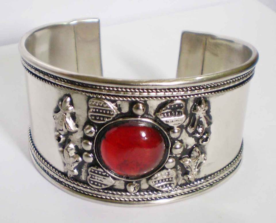กำไลข้อมือทองแดงชุบเงินหรูหราสำหรับผู้หญิง ประดับด้วยพลอยสีแดง ดีไซน์สวยงาม ทำจากโลหะแข็ง งานแฮนด์เมด สไตล์วินเทจ
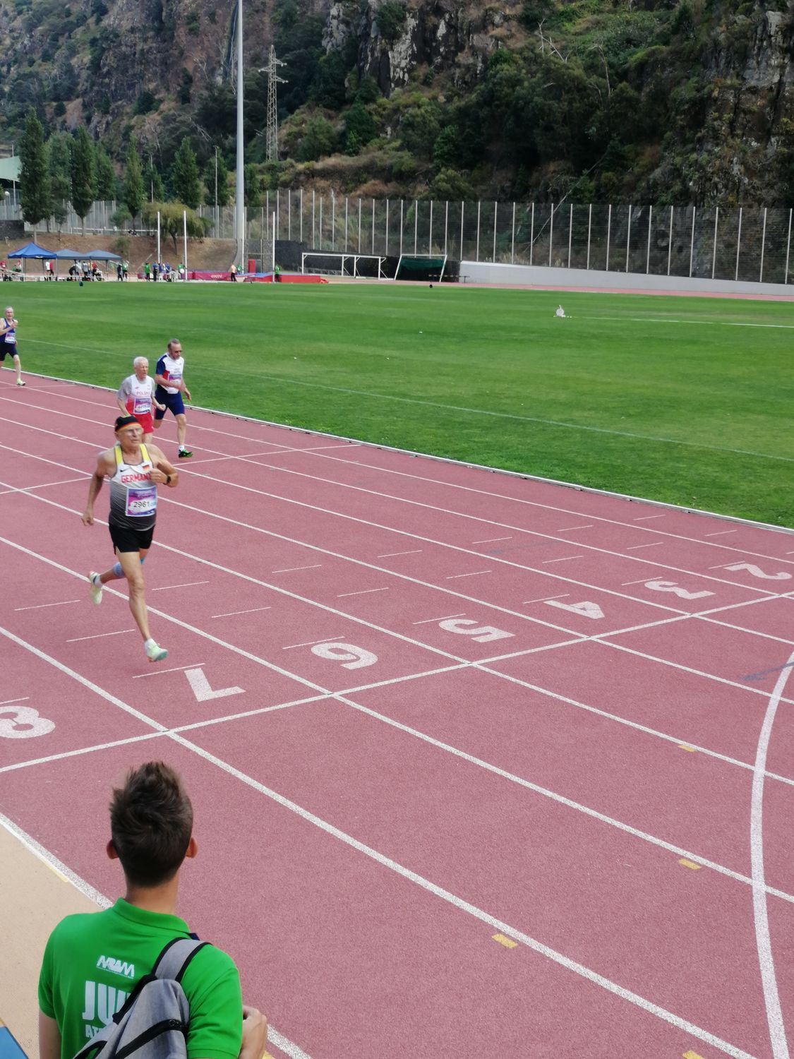 Erna Antritter (TV Biberach) war als einzige W90-Starterin in den Würfen auf Madeira dabei. Umso bemerkenswerter, dass sie den Weg auf sich genommen hatte und immer noch an den Start geht. Insgesamt tat sie dies sieben Mal und wurde mit sieben Goldmedaillen ausgezeichnet. Neben Kugel (4,30 m), Diskus (7,52 m), Speer (7,49 m), Hammer (12,72 m) und Gewicht (4,55 m) sowie Wurf-Fünfkampf (2.206 Pt.) rannte Erna Antritter über 100 Meter 37,66 Sekunden – als erste Über-90-Jährige in Deutschland und somit zu einer neuen Deutschen Bestleistung.
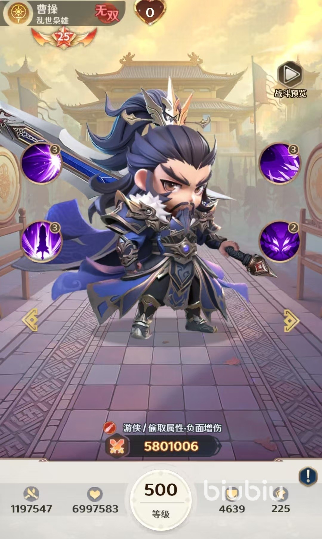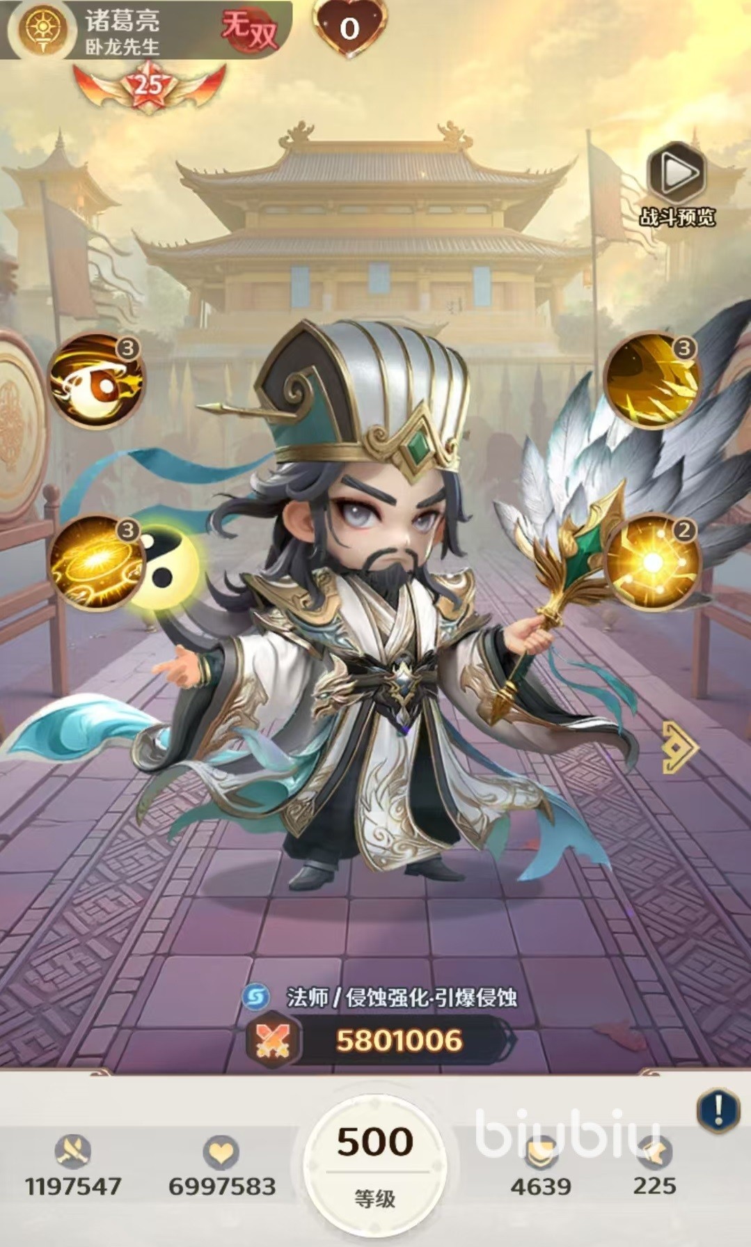 排名第二的是无双曹操,无双曹操也是现在很多阵容搭配过程中的主c,大招具有超高的物理伤害效果,并且会根据敌方身上的负面层数提升伤害倍率。曹操只要和一些能够附加负面状态的队友一起配合起来,场上的输出也非常可观。另外大招还具有偷暴击和偷暴击率的效果,战斗到后期伤害输出更恐怖。曹操的被动可以通过攻击恢复生命值,受到伤害有几率偷取抗爆,既提升了自身能力,又削弱了对方。排名第三的是无双诸葛亮,无双诸葛亮作为群体输出型法师,他的大招可以对全体造成法术伤害,并将目标身上的混沌侵蚀全都触发起来引爆。在被动的加持下,触发混沌侵蚀时还可以给对方最低的目标恢复生命值。这样既有爆发能力,又有一定的团队治疗能力。

Work to be completed
With pictures excluded, output the listing above exactly as it stands.

Task result
กำไลข้อมือทองแดงชุบเงินหรูหราสำหรับผู้หญิง ประดับด้วยพลอยสีแดง ดีไซน์สวยงาม ทำจากโลหะแข็ง งานแฮนด์เมด สไตล์วินเทจ
 Erna Antritter (TV Biberach) war als einzige W90-Starterin in den Würfen auf Madeira dabei. Umso bemerkenswerter, dass sie den Weg auf sich genommen hatte und immer noch an den Start geht. Insgesamt tat sie dies sieben Mal und wurde mit sieben Goldmedaillen ausgezeichnet. Neben Kugel (4,30 m), Diskus (7,52 m), Speer (7,49 m), Hammer (12,72 m) und Gewicht (4,55 m) sowie Wurf-Fünfkampf (2.206 Pt.) rannte Erna Antritter über 100 Meter 37,66 Sekunden – als erste Über-90-Jährige in Deutschland und somit zu einer neuen Deutschen Bestleistung.
 排名第二的是无双曹操,无双曹操也是现在很多阵容搭配过程中的主c,大招具有超高的物理伤害效果,并且会根据敌方身上的负面层数提升伤害倍率。曹操只要和一些能够附加负面状态的队友一起配合起来,场上的输出也非常可观。另外大招还具有偷暴击和偷暴击率的效果,战斗到后期伤害输出更恐怖。曹操的被动可以通过攻击恢复生命值,受到伤害有几率偷取抗爆,既提升了自身能力,又削弱了对方。排名第三的是无双诸葛亮,无双诸葛亮作为群体输出型法师,他的大招可以对全体造成法术伤害,并将目标身上的混沌侵蚀全都触发起来引爆。在被动的加持下,触发混沌侵蚀时还可以给对方最低的目标恢复生命值。这样既有爆发能力,又有一定的团队治疗能力。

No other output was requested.